Most artificial intelligence enterprise applications are written in commonly known popular open source languages like Python, Lisp, Java, C++, and Julia. Most of the enterprises embarking on the digital transformation journey find themselves leveraging AI in routine scenarios for increasing operational efficiency and automation of mundane processes. The good news is that most popular open source AI frameworks allow the developer to use the language of their choice as well as the implementation model — supervised, semi-supervised or unsupervised learning. Listed below are a few popular AI frameworks that are in use currently.
TensorFlow is perhaps the most popular AI framework. Developed by Google, it supports learning neural networks in an easy and extensible setup. This is also the most widely adopted deep learning framework.
PyTorch is a Python framework for building machine learning algorithms that can quickly evolve from prototype to production.
Keras is designed with the developer in mind. It allows a plug-and-play framework for building, training, and evaluating machine learning models quickly.
scikit-learn includes a great level of abstraction from common machine learning algorithms making it suitable for predictions, classification, or statistical analysis of data.
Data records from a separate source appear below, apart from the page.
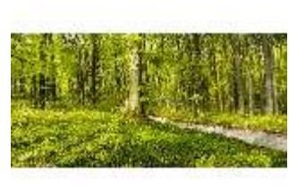
Sa.V, Waldzone, Spazierweg, DI007913, BSV-
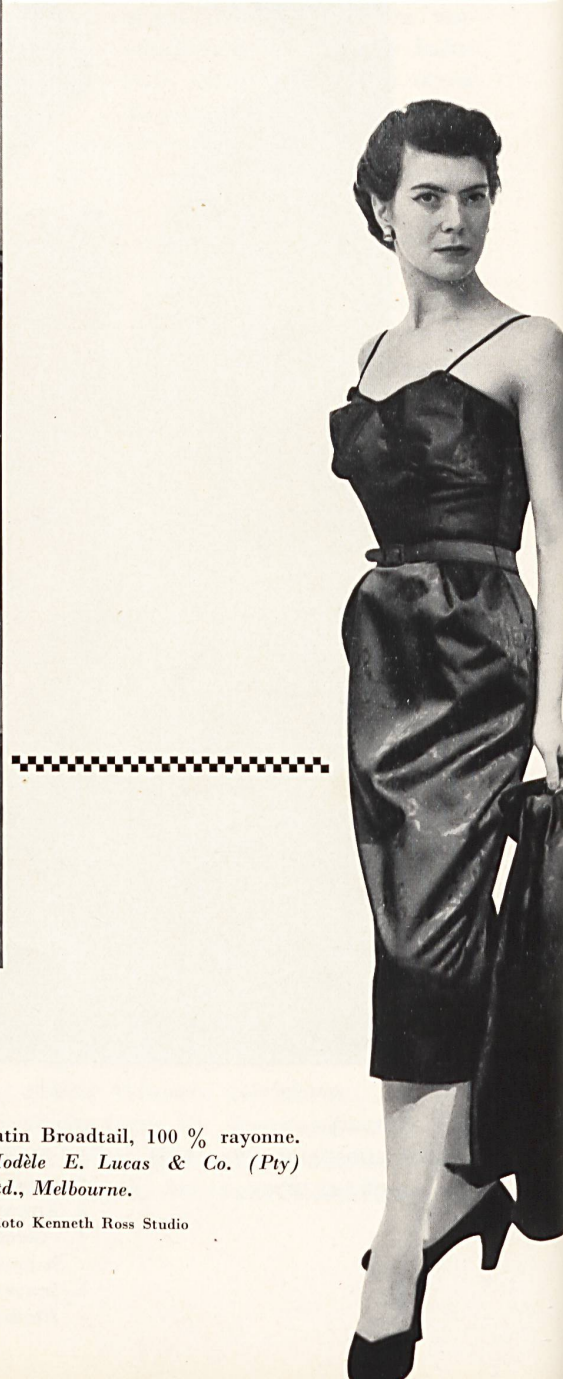
Satin Broadtail, 100 % rayonne. Modèle E. Lucas & Co. (Pty) Ltd., Melbourne.
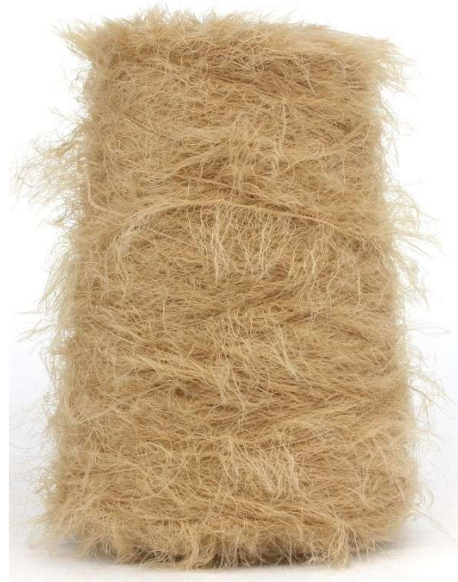
Farbe Camel Farbnummer. YUF
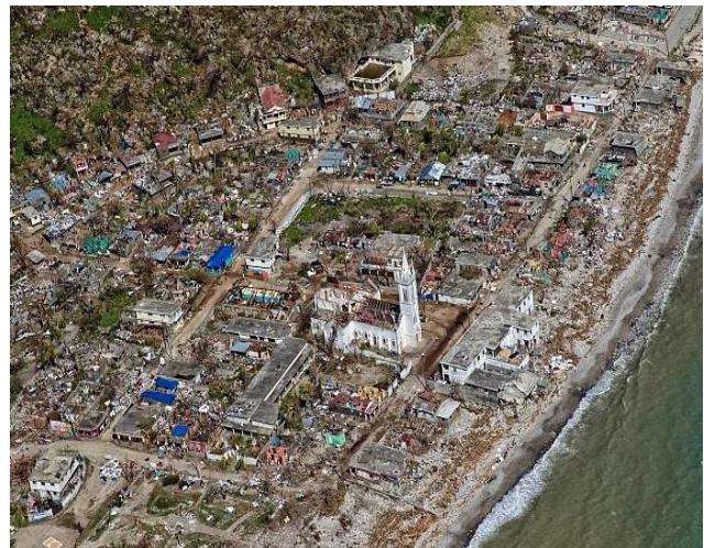
80% der Häuser der Stadt Jérémie und 90% derjenigen von Port-à-Piment wurden beschädigt oder zerstört
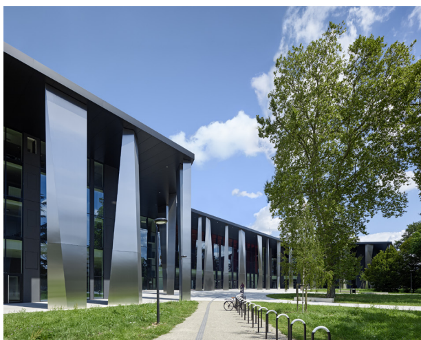
Place de Bordeaux 67000 Strasbourg

Société d'économie mixte détenue par la Ville, l'Eurométropole de Strasbourg et le groupe GL events, Strasbourg Events met au service des organisateurs d'événements 50 ans d'expertise reconnue dans l'accueil de manifestations internationales exigeantes et l'accompagnement des organisateurs, doublée d'une solide expérience d'organisation d'événements professionnels et grand public. Strasbourg Events gère et exploite le Palais de la Musique et des Congrès déployé sur 50.000 m 2 , auxquels s'ajoutent près de 24.000 m 2 du nouveau Parc des Expositions attenant devenant un outil combiné unique.
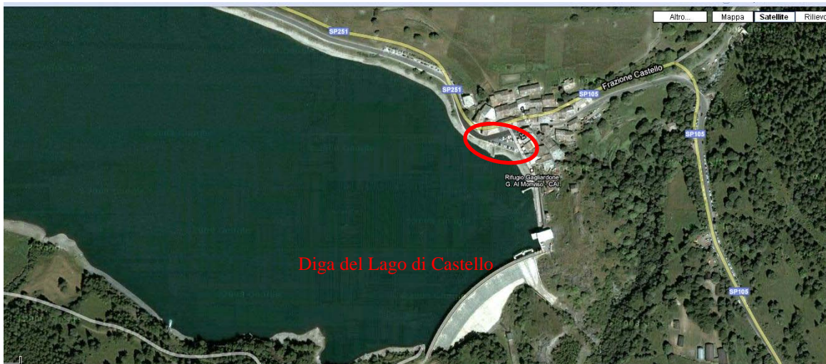
Diga del Lago di Castello

Per arrivare a Castello (Pontechianale – Val Varaita – CN)
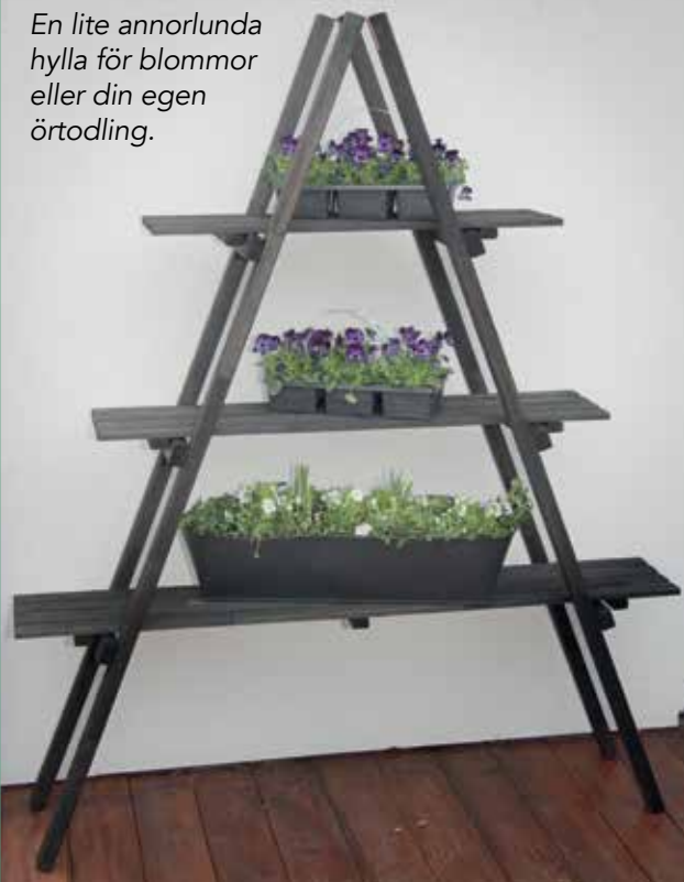
En lite annorlunda hylla för blommor eller din egen örtodling.

Se efter så att inga växter krokar på väg upp
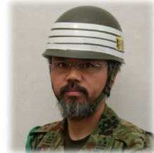
112日間のひげ (東日本大震災の当時)
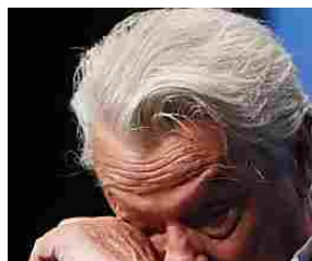
Delon tra le lacrime, è la fine di tutto
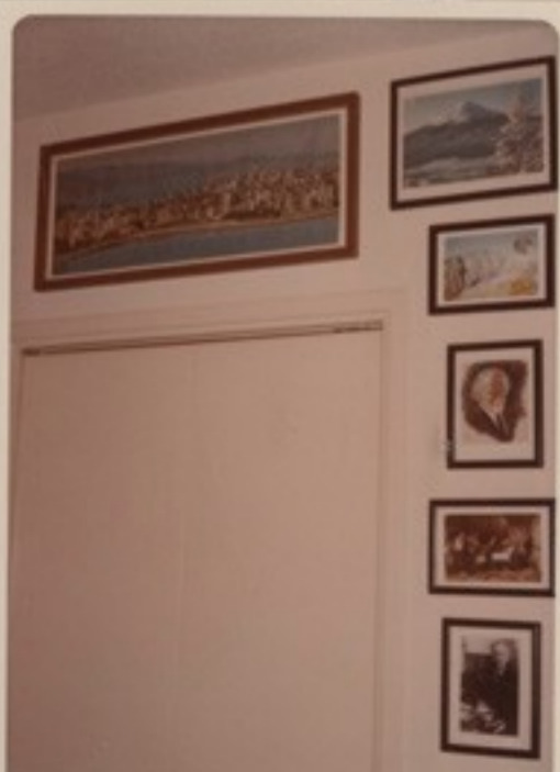
Magas Tátra, Kodály Zoltán, Nyirő József fényképei

Knowing what problem has to be solved and which libraries provide the most support for that, will help decide what toolsets and framework to use to develop the machine learning module that will give the expected outcome.
The research on generative AI is continuous and this technology is today being applied in a wide range of industries, including the life sciences, healthcare, manufacturing, material sciences, media, entertainment, automotive, aerospace, military, and energy.
Whatever direction AI takes in the future, its influence is bound to last for a very long time. Today, innovations in generative AI have led to organoid intelligence. Organoids are three-dimensional lab-grown tissues derived from stem cells. As we embrace various forms of AI in our daily lives, one thing is for certain – innovation in this field will continue to create cutting-edge technology.